Rind highlighted several real-world examples of drug pricing discrepancies. Tafamidis (Vyndamax; Pfizer), a breakthrough treatment for transthyretin amyloidosis, is valued by ICER at approximately $39,000 per year but is priced closer to $200,000. Similarly, the inhaler ensifentrine (Ohtuvayre; Verona Pharma), which offers modest benefits over existing therapies, is priced at $35,000 despite being worth only about $13,000. These cases exemplify the misalignment between drug value and market pricing.
Gene and cell therapies introduce additional complexities, according to Rind. Although some, such as onasemnogene abeparvovec-xioi (Zolgensma; Novartis) for spinal muscular atrophy, are fairly priced relative to their benefits, others, such as lovotibeglogene autotemcel (Lyfgenia; bluebird bio), a gene therapy for sickle cell disease, may be significantly overpriced. The high cost of gene therapies is often justified by their 1-time administration and potential for
lifelong benefits. However, some therapies have not demonstrated significant benefits in clinical trials or have offered uncertain benefits, making their multimillion-dollar price tags difficult to justify. ICER recommends approaches such as cost-sharing agreements to ensure that price-setting reflects genuine value rather than inflated industry standards.
Rind underscored the need for cost-effectiveness analysis to guide drug pricing and reimbursement decisions. Without such assessments, the health care system risks overpaying for mediocre treatments while struggling to afford groundbreaking therapies. Although ICER lacks regulatory authority, its reports influence market dynamics by encouraging fair pricing and improved patient access. However, as drug manufacturers continue to push higher pricing thresholds, the challenge of balancing innovation with affordability remains a critical concern for the future of health care.
“We have no authority. Our goal is a grand bargain where fair pricing by manufacturers leads to fair access by payers. There is some evidence of influence, at least at the margins. When an ICER report comes out before a drug is priced, it usually only has to reduce its price by about 16% to reach our price, as opposed to 37% if we don’t say it ahead of time,” Rind said. “Every report we do, somebody is unhappy.”
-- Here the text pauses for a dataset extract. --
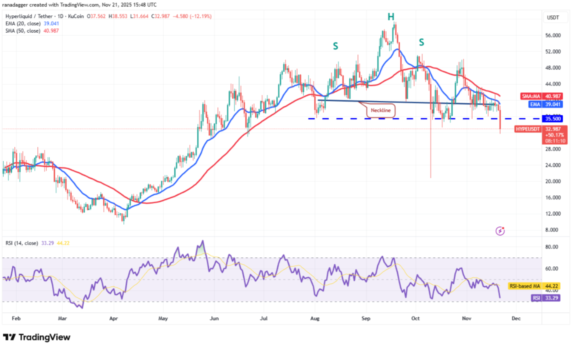 Hyperliquid (HYPE) đã cố gắng vượt lên trên đường EMA 20 ngày (39,04 USD) vào thứ Năm, nhưng phe gấu vẫn giữ vững vị thế.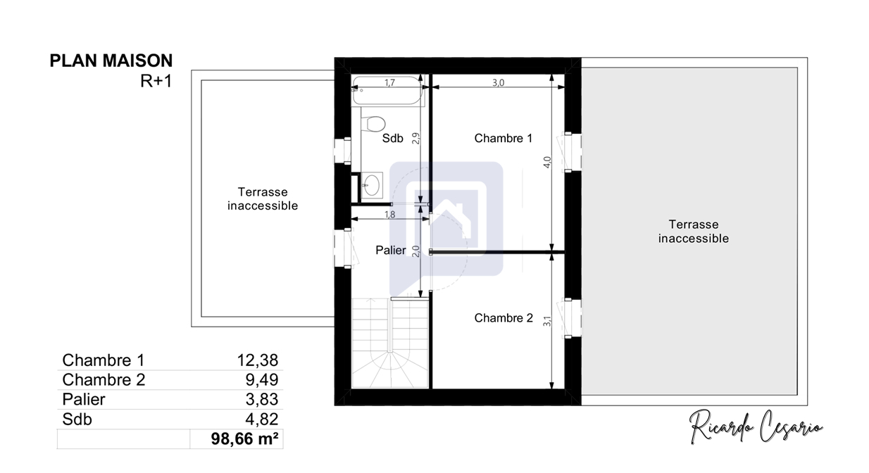 La maison se compose d'un salon lumineux, d'une cuisine fonctionnelle, et de deux chambres confortables.

According to Rind, without HTA and cost-effectiveness analysis, overpaying for mediocre drugs will become inevitable. “Gene therapies to date and some cell therapies are often more appropriately priced than many drugs on the US market, but the future is less clear. Manufacturers are addicted to the prior price in a space, and the price of gene therapies is now more than $3 million, and soon it’ll be more than $4 million,” Rind said. “We can’t pay that much for mediocre gene therapies.”